Stored items:
'''
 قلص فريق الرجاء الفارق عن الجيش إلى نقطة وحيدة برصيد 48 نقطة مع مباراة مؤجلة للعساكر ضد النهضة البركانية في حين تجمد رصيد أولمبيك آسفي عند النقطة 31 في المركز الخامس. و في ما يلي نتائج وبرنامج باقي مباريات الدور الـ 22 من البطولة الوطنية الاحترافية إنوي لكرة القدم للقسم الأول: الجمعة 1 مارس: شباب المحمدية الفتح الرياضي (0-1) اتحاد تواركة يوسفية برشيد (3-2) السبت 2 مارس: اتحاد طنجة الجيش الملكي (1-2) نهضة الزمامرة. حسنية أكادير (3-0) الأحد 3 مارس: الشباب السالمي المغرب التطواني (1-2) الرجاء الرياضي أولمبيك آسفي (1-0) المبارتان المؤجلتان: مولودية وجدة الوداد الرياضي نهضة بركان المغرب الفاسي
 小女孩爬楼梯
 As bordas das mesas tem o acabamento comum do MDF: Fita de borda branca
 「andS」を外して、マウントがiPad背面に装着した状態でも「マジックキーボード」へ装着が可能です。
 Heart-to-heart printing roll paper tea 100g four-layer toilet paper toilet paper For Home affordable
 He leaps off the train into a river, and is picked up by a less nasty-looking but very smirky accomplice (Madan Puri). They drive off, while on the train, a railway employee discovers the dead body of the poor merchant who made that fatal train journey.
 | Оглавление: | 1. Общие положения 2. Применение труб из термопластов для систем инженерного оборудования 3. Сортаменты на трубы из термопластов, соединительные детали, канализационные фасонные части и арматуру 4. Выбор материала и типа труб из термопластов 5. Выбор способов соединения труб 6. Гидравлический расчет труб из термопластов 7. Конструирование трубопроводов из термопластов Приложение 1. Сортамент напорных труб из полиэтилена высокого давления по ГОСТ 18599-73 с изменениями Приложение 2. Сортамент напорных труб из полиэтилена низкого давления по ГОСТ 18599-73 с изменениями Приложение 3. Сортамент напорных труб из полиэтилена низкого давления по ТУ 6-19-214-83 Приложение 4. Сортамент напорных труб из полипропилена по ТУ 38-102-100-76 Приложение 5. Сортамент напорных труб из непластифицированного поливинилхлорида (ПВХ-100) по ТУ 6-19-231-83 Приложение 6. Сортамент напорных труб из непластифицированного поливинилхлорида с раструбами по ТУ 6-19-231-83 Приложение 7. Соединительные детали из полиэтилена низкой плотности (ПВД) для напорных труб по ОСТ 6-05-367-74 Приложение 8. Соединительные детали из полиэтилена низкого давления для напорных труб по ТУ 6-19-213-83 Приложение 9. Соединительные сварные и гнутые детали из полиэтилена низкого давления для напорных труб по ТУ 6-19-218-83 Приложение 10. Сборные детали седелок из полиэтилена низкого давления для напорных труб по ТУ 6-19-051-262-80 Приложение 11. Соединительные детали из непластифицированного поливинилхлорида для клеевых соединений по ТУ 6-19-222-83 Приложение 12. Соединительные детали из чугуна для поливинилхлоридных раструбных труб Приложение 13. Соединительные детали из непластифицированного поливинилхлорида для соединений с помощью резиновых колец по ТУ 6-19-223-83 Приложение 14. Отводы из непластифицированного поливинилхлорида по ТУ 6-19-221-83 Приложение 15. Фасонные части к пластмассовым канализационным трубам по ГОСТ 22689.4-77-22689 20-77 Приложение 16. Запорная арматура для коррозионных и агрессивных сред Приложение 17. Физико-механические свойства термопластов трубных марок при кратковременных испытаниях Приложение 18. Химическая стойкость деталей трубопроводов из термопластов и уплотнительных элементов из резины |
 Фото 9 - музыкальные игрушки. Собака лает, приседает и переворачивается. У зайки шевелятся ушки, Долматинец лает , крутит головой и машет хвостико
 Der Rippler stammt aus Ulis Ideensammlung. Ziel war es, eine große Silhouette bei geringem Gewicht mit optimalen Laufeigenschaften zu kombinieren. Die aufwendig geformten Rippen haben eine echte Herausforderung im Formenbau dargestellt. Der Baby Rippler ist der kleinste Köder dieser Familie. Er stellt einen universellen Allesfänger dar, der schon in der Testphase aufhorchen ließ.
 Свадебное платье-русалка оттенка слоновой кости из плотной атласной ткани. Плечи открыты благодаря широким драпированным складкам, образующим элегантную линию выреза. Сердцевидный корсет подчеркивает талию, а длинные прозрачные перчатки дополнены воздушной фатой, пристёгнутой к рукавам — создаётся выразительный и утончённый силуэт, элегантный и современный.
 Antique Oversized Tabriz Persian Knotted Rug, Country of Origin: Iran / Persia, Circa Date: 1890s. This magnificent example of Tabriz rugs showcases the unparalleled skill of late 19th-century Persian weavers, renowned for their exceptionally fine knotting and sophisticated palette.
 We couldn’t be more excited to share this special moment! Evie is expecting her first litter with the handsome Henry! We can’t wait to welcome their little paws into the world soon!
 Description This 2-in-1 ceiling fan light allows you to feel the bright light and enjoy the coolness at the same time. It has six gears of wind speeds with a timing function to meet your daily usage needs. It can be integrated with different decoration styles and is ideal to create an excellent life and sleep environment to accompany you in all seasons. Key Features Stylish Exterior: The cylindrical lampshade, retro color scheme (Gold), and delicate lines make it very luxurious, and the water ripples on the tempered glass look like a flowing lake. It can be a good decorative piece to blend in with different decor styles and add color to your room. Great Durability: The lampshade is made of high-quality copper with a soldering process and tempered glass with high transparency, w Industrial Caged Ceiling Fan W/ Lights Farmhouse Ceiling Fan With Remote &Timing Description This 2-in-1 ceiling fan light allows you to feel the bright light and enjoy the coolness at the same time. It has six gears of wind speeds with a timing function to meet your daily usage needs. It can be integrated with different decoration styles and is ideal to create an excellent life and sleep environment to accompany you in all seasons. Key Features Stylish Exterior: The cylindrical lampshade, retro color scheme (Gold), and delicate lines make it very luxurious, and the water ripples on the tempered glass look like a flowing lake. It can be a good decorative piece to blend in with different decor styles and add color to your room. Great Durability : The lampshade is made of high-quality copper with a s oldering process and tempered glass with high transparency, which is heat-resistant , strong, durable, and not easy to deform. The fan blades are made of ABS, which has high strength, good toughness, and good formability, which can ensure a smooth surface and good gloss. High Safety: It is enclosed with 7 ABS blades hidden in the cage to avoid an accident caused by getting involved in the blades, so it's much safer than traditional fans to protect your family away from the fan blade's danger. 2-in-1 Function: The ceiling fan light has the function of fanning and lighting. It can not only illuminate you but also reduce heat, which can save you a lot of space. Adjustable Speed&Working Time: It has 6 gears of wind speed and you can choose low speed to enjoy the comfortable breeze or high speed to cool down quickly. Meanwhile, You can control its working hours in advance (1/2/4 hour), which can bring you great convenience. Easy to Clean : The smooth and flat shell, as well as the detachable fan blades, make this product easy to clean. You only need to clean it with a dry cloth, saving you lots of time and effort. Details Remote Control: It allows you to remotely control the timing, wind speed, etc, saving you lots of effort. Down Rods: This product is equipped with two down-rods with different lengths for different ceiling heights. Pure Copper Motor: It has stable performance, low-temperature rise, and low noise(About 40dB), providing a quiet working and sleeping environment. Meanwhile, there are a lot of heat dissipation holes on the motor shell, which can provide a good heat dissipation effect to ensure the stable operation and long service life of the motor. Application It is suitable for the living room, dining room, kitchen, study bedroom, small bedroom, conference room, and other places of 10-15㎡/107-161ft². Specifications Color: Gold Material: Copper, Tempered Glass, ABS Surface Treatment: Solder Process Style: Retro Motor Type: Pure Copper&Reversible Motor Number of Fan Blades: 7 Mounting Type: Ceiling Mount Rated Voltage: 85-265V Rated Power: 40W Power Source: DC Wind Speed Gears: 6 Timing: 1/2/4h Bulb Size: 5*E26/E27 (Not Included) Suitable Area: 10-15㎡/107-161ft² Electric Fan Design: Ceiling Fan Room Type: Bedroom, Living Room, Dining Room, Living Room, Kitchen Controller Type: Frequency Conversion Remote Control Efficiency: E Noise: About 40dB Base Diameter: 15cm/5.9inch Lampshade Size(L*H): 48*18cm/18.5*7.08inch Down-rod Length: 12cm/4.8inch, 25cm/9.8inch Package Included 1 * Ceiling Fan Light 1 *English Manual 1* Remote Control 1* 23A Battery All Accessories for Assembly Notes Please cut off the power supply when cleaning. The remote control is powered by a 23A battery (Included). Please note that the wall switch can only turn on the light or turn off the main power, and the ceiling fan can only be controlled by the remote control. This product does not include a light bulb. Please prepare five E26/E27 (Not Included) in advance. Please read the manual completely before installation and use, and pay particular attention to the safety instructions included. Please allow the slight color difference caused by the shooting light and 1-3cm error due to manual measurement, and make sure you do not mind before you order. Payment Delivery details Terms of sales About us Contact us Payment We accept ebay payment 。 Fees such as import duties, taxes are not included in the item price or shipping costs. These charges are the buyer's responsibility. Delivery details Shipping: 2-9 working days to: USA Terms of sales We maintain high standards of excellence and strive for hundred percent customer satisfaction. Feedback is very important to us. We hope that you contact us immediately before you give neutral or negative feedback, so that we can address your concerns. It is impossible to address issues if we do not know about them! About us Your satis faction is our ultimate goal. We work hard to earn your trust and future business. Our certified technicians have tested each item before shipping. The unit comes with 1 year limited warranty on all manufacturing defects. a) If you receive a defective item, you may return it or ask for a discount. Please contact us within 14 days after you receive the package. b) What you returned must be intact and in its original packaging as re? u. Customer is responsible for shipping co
'''
WHAT YOU ARE ASKED TO DO: Respond with one number only: how many lines of the data contain "their".

YOUR RESPONSE: 2